Published on 01.07.2024


STUDENT UNIONS AND THE STRUGGLE FOR DEMOCRACY

Continued absence of student unions and repression of student voices in Pakistan has become all the more glaring. So who is afraid of student unions?
Published June 30, 2024

April 21, 2024, was a beautiful spring day at the American University (AU) campus in Washington DC. Yet, there was palpable tension in the air as the university’s student union was about to vote on one of the most contested topics ripping apart the political discourse in the United States — the issue of the horrific, genocidal violence unleashed by Israel on the Palestinian people.

The resolution called for supporting the Palestinian civil society’s call for Boycott, Divestment and Sanctions (BDS) against Israel, which in practice meant severing ties between AU and Israeli institutions.
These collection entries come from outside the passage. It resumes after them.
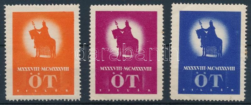 1938 Szent István 3 db klf színű levélzáró bélyeg
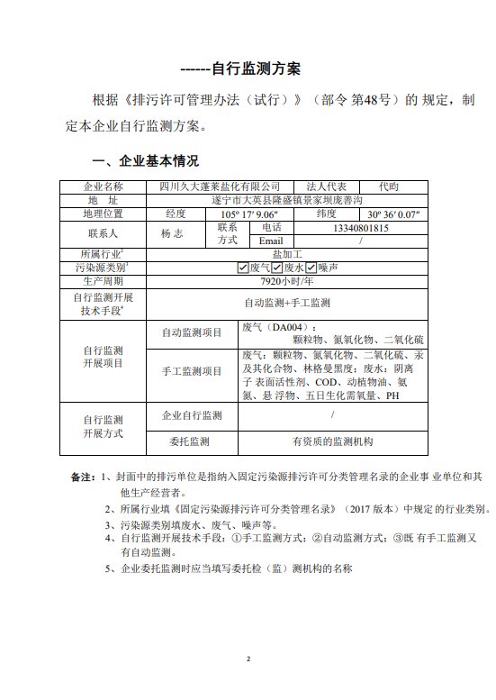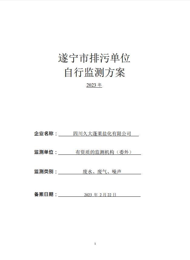 久大蓬萊鹽化2023年自行監(jiān)測方案
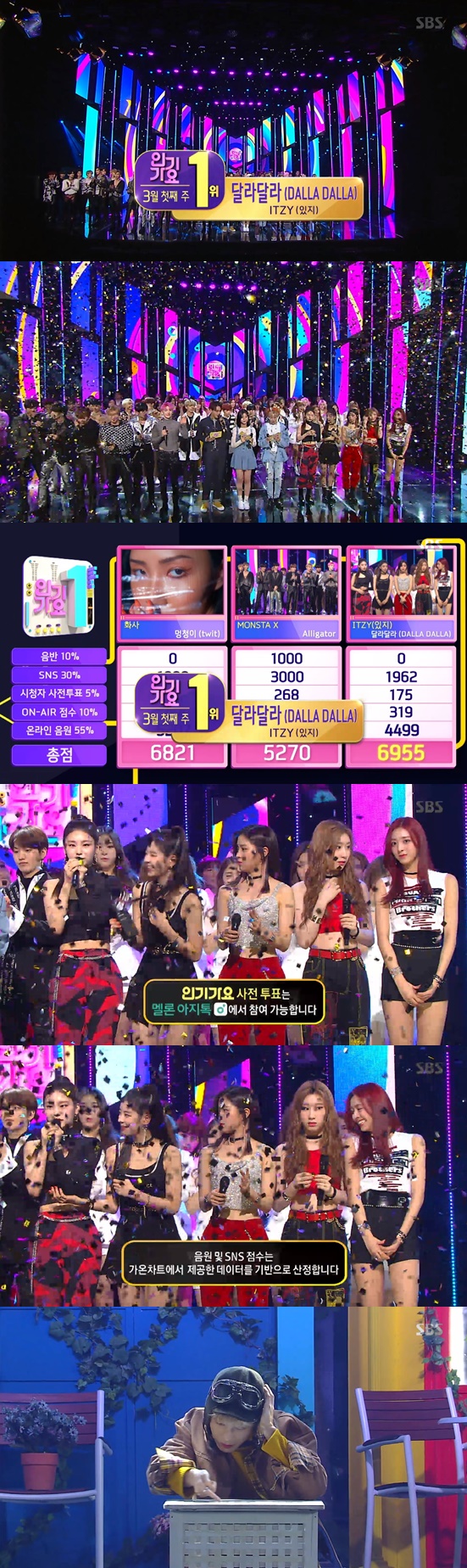 3일 오후 방송된 SBS 음악순위 프로그램 '인기가요'에서는 화사의 '멍청이', 몬스타엑스의 '엘리게이터', ITZY의 '달라달라'가 1위 후보에 올랐다.

This was a contentious topic, as the university has a long history of deep ties to the Zionist project, as well as to the military-industrial complex that sustains American support to Israel.
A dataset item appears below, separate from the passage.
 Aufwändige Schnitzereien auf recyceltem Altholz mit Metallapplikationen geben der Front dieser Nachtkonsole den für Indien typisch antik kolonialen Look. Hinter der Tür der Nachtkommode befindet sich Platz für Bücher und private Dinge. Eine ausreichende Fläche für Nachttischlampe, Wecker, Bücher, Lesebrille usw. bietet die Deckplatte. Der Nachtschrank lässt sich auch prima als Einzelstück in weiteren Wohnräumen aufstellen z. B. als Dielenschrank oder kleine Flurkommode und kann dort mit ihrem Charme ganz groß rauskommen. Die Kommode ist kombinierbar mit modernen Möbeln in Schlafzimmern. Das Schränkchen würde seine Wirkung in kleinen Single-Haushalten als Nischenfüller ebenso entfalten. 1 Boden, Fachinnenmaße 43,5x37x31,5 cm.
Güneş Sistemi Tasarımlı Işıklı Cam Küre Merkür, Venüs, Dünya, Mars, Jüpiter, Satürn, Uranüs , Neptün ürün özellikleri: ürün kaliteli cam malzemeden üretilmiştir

Since October 7, 2023, the American University campus had witnessed a number of protests, by both by pro-Palestinian and pro-Israeli groups, with each side accusing the other of being aligned with violent, regressive forces in the Middle East. Under the spotlight of the local media and the watchful eye of the university administration, this tension finally found its way into the student union, where the elected student representatives had to make a choice on the future orientation of the union with regards to the crisis in the Middle East.
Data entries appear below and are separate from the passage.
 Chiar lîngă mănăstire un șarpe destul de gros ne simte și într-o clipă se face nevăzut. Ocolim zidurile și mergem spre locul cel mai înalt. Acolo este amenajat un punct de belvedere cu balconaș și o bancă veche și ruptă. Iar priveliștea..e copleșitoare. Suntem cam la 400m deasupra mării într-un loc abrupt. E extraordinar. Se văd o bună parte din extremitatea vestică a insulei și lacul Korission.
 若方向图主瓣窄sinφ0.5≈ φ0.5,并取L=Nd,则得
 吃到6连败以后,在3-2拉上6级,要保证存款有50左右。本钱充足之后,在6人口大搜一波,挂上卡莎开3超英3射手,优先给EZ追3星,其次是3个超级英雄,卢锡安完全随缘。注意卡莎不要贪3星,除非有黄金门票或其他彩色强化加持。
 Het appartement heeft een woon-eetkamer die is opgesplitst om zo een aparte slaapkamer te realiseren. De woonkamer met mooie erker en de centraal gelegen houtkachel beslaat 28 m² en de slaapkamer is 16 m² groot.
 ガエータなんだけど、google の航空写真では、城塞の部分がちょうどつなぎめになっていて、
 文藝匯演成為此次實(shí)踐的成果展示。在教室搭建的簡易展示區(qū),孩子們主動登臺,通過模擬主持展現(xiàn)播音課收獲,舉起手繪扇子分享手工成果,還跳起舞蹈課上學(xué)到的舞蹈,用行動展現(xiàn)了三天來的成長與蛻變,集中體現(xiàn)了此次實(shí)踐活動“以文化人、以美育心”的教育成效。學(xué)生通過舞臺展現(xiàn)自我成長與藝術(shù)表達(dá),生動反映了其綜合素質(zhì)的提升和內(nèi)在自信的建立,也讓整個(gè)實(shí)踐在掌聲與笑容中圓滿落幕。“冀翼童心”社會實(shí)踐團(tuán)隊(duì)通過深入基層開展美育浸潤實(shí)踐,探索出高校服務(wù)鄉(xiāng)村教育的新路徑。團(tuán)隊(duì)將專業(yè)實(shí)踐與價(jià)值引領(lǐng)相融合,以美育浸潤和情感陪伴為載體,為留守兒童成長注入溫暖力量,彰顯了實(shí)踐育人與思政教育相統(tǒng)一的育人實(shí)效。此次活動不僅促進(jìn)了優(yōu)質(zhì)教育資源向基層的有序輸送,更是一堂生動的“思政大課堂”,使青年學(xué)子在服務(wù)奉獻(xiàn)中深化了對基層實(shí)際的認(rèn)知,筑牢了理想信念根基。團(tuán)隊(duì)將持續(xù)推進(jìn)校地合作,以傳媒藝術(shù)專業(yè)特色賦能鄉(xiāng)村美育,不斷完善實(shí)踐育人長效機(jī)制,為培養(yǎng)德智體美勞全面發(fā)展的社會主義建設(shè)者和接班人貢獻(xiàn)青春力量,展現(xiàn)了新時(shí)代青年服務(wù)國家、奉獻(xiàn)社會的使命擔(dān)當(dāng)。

On the day of the debate, I accompanied my wife, Tabitha Spence, an active member in the pro-Palestine movement on campus, to the room where the student union meeting was convened. The room had almost no space to sit as eager students, some wearing keffiyehs while others waving the Star of David, awaited to see how their elected representatives would respond to one of the most pressing moral challenges of our times.

In front of a packed audience, student leaders debated the controversial topics of settler colonialism, US imperialism, anti-Semitism and Islamophobia, and the efficacy of BDS. After over an hour of intense debate on the pressing historical, economic and ethical questions, the motion was put to vote. Twenty-one students voted in favour of the resolution, two voted against it, while two students abstained.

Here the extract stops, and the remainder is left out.